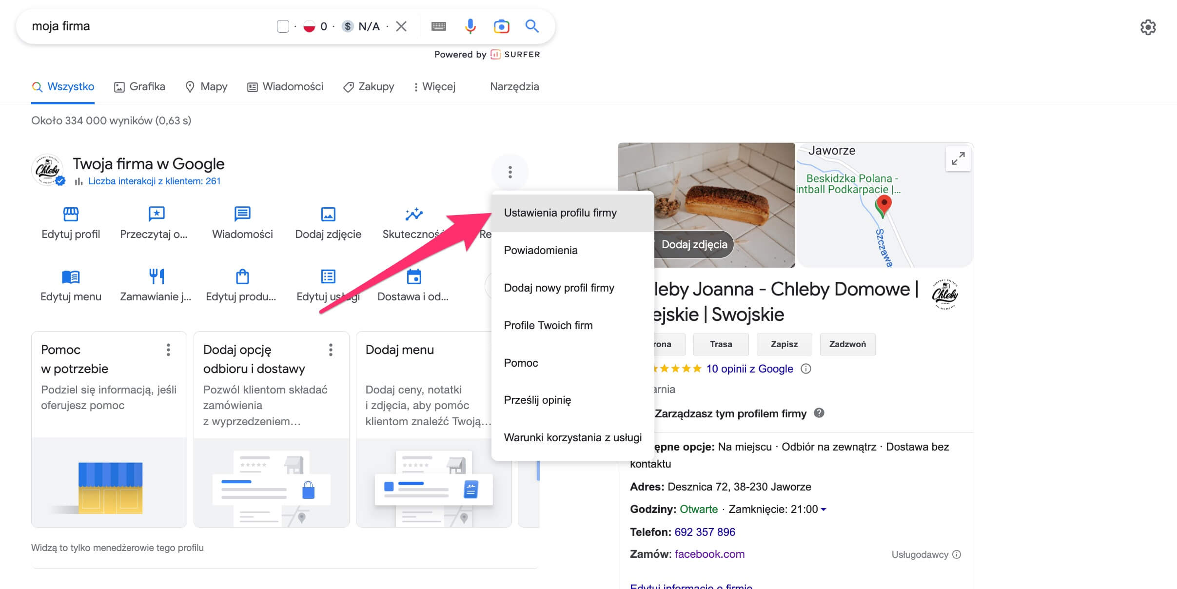 Na samym początku musisz wyszukać swój profil biznesowy (Google Moja Firma), do którego masz dostęp i którym możesz zarządzać w Mapach Google i wyszukiwarce Google. Aby to zrobić, wpisz dokładną nazwę firmy w wyszukiwarce Google lub „moja firma”.
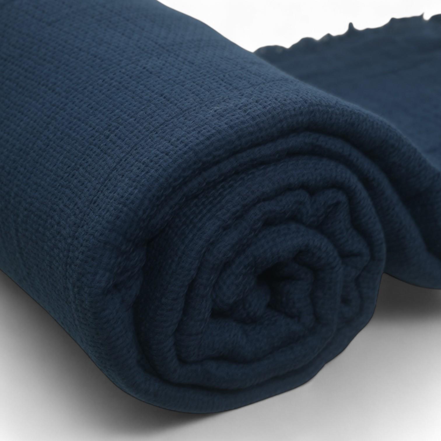 İhracat fazlası nefes alabilen pike yatak örtüsü saçaklı Larcivert 270 × 300 cm
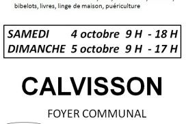 Groupe TDE de Calvisson La braderie de Calvisson aura lieu le 4 et le 5 octobre au foyer communal vêtements adultes et enfants, sacq, chaussures,…
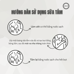 - Cách sử dụng: Làm ướt toàn thân bằng nước sạch. Lấy một lượng sữa tắm vừa đủ và tạo bọt bằng bông tắm, sau đó mát-xa nhẹ nhàng toàn thân. Tắm lại với nước sạch sau khi dùng.
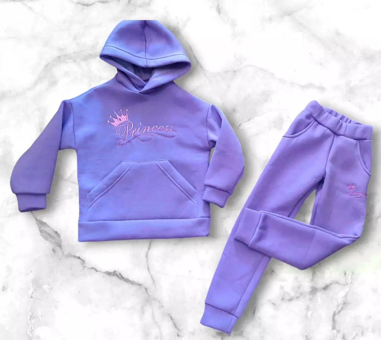 Дитячий спортивний костюм на дівчинку утеплений "Princess" Бузковий Зріст 104 см - 146 см
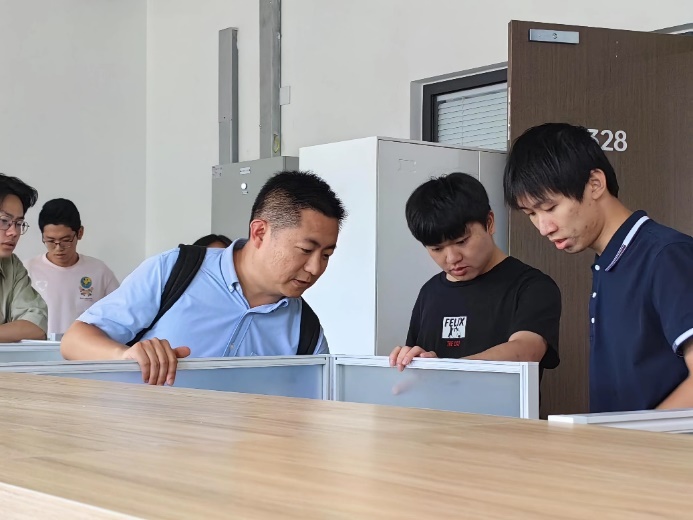 同学们首先参观了航空大楼门厅、电梯间、楼道间等公共区域,以及教师办公室、实验室、会议室等办公区域,之后,同学们重点参观了学生工位间。大家在现场实地感受了学生工位的材质、布局、空间以及储物功能等情况,并结合自己的感受提出了一些改进建议。学院党委副书记梁伟涛认真的向同学们介绍了学生工位的海选投票、招标采购、现场布置、功能设计等情况,并耐心解答了同学们的种种疑惑。在场的同学们纷纷表示,现有的工位设计充分考虑了同学们的隐私需要和储物需求,基本上能够满足大家的学习科研需求。同学们还在一些设计细节上提出了进一步改进的建议。
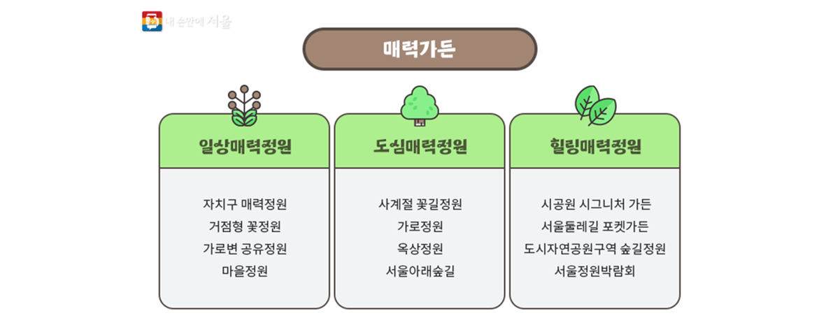 아래와 같이 일상매력정원, 도심매력정원, 힐링매력정원으로 구분하여 정원 조성을 할 계획입니다.
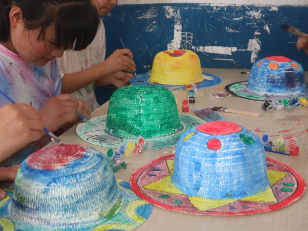 团队志愿者们利用课余时间开展绘画实践活动,将孩子们的绘画成果集中起来形成“文化墙”。

• About this exercise: What's needed is an exact copy of every entry, minus the pictures.

• Completed task:
 Na samym początku musisz wyszukać swój profil biznesowy (Google Moja Firma), do którego masz dostęp i którym możesz zarządzać w Mapach Google i wyszukiwarce Google. Aby to zrobić, wpisz dokładną nazwę firmy w wyszukiwarce Google lub „moja firma”.
 İhracat fazlası nefes alabilen pike yatak örtüsü saçaklı Larcivert 270 × 300 cm
 Groupe TDE de Calvisson La braderie de Calvisson aura lieu le 4 et le 5 octobre au foyer communal vêtements adultes et enfants, sacq, chaussures,…
 - Cách sử dụng: Làm ướt toàn thân bằng nước sạch. Lấy một lượng sữa tắm vừa đủ và tạo bọt bằng bông tắm, sau đó mát-xa nhẹ nhàng toàn thân. Tắm lại với nước sạch sau khi dùng.
 Дитячий спортивний костюм на дівчинку утеплений "Princess" Бузковий Зріст 104 см - 146 см
 同学们首先参观了航空大楼门厅、电梯间、楼道间等公共区域,以及教师办公室、实验室、会议室等办公区域,之后,同学们重点参观了学生工位间。大家在现场实地感受了学生工位的材质、布局、空间以及储物功能等情况,并结合自己的感受提出了一些改进建议。学院党委副书记梁伟涛认真的向同学们介绍了学生工位的海选投票、招标采购、现场布置、功能设计等情况,并耐心解答了同学们的种种疑惑。在场的同学们纷纷表示,现有的工位设计充分考虑了同学们的隐私需要和储物需求,基本上能够满足大家的学习科研需求。同学们还在一些设计细节上提出了进一步改进的建议。
 아래와 같이 일상매력정원, 도심매력정원, 힐링매력정원으로 구분하여 정원 조성을 할 계획입니다.
 团队志愿者们利用课余时间开展绘画实践活动,将孩子们的绘画成果集中起来形成“文化墙”。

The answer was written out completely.